I thought the Wikipedia article did a decent job of discussing the technical aspects of bel canto technique, but I'm interested in the above observation.

I find it rare that I instantly pick up a "hum-able" tune from any opera on first listening, but I certainly wouldn't apply this specifically to bel canto. I think it might take more listens to pick up all of the nuances of a bel canto piece. This could be because I find that individual bel canto components tend to be longer than equivalent Mozart, Verdi or Puccini extracts, but inevitably with ornamentation that is improvised differently by individual artists, the ornamentation of one artist may not be as memorable as that by another.

As an anecdotal example, I didn't like large swathes of Lucia, when listening to interpretations by Diana Damrau and Natalie Dessay (normally favourites of mine), but found the same tunes came alive when I heard Beverley Sills interpretation with different ornamentation.

I don't necessarily think bel canto tunes are necessarily harder to get into your head than others however.

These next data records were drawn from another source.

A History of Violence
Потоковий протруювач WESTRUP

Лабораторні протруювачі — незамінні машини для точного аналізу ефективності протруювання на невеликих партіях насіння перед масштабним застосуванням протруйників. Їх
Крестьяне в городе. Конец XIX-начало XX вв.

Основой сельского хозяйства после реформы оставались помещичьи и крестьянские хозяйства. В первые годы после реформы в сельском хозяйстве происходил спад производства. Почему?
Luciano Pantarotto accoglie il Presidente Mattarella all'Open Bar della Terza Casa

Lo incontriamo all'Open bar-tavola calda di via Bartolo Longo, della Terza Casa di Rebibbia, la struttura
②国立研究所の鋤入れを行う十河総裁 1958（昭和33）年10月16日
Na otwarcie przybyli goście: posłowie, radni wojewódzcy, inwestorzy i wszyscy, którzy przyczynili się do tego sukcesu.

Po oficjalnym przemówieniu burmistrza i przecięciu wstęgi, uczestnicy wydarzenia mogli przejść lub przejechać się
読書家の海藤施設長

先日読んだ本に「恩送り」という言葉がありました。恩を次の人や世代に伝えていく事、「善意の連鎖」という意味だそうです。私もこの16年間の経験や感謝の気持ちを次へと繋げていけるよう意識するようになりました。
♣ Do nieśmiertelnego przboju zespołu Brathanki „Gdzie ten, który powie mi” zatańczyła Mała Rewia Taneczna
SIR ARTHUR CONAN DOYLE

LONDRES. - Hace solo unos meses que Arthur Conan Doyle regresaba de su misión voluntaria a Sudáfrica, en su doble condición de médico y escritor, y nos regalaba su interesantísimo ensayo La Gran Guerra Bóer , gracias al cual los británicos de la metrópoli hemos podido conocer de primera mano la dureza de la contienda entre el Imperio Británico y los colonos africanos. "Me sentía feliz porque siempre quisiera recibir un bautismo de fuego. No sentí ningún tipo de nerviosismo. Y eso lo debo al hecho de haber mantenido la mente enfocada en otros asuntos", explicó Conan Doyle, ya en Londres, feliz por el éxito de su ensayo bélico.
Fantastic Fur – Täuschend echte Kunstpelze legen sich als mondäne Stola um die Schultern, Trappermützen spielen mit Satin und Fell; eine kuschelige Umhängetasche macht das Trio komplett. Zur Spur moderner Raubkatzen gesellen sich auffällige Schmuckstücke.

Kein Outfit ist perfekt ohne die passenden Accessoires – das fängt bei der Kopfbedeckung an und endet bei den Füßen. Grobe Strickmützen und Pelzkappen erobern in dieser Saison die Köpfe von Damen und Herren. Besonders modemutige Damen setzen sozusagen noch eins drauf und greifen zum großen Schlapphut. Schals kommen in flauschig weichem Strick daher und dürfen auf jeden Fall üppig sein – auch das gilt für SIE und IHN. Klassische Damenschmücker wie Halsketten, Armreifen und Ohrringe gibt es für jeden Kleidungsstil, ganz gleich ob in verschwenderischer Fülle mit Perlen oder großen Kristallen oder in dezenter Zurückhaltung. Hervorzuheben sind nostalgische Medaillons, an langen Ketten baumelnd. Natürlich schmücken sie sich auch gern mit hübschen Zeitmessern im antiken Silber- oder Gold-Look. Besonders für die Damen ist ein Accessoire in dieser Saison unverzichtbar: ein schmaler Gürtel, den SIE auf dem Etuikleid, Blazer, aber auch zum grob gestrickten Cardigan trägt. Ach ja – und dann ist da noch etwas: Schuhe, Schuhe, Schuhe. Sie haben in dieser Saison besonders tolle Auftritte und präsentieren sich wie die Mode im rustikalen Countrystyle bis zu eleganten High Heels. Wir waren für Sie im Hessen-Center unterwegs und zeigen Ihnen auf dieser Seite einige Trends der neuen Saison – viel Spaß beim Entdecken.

Ah! mes amis...Pour mon ames from La Fille du Regiment was in my head long before I even got to the thrilling sequence of high C's at the end of my first listen through.


----------



## Barelytenor (Nov 19, 2011)

Easy. It's the opposite of Can Belto.


----------



## moody (Nov 5, 2011)

Barelytenor said:


> Easy. It's the opposite of Can Belto.


Boy, that's an old one!!


----------